Not a bad record for a guy who started out life on Dec. 9, 1916, as Issur Danielovitch, the son of an immigrant rag seller from Russia. Makes you wonder, when was the last time somebody called him Issur? In “Champion,” the embattled and battling boxer that Douglas played said he was tired of being called “this guy.” He said, “I want to hear people call me Mister.”
That’s what I called him when I met him at the Press Club, as in, “Thank you, Mr. Douglas,” after he let me take a picture or two of him.
By his own admission, he wasn’t a nice guy. “I’m not modest. I guess you could say I’m an S.O.B.” And, according to accounts, he was always intense, not always faithful and super-smart. “Kirk was intelligent,” one writer said of him.
And, it should be noted, brave. The screenwriting credit for “Spartacus” went to Dalton Trumbo, who had been blacklisted by Hollywood for years for his political affiliations and views.
He also took a chance on Stanley Kubrick to direct “Paths of Glory” and “Spartacus.” “Glory,” which Douglas produced, to this day remains one of the greatest antiwar movies ever made, concerning the court-martial of French soldiers for cowardice during the battle of the Somme.
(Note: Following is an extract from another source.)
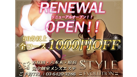 ★メンズエステプレス情報★ リニューアルオープン 90分以上 全コース1,000円OFF!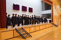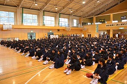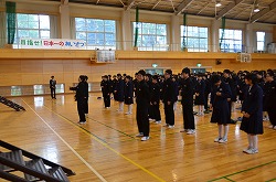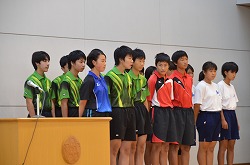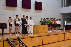 全校朝会で県大会壮行会を行いました。陸上部、剣道部、柔道部、男女卓球部、男女ソフトテニス部の代表者から、県大会に向けての力強い決意発表がありました。県大会では、地区の代表者として、全力で戦ってきてください。健闘を祈っています。

Douglas played the courageous Colonel Dax, who tries to defend the men and buck the French military establishment.
But take a look.
A legendary Hollywood producer — twice — in “The Bad and the Beautiful” and “Two Weeks in Another Town,” an out-of-time and out-of-luck modern cowboy in “Lonely Are the Brave,” a rousing Viking warrior in, what else, “The Vikings.” Teaming up with Burt Lancaster (not for the last time) in “Gunfight at the O.K. Corral” as Doc Holliday to Burt’s Wyatt Earp, playing another lawyer in “Town Without Pity,” the cynical reporter-hustler in the great “Ace in the Hole,” Ned the singing sailor in the Disney spectacle of Jules Verne’s “Twenty Thousand Leagues Under the Sea” and the coup-and-conspiracy spurred “Seven Days in May.”
And then, in 1956, there was “Lust for Life,” in this writer’s view the best movie ever made about an artist. Part of that is due to director Vincente Minnelli’s stunning palette, sets that looked like paintings by the master Vincent van Gogh, Anthony Quinn’s savage portrait of Gauguin and, most of all, a rounded, poignant, deeply dug, naked and heartbreaking performance by Douglas as van Gogh.
And then there was and is Anne Buydens, his wife of over 60 years who survives him, and his four sons, including Michael, who won an Oscar for “Wall Street.”
And then there was, you know, ladies and gentlemen and those waiting patiently at the gate: Spartacus.
Also known as Issur Danielovitch, the ragman’s son.
Also known as Kirk Douglas, Superstar.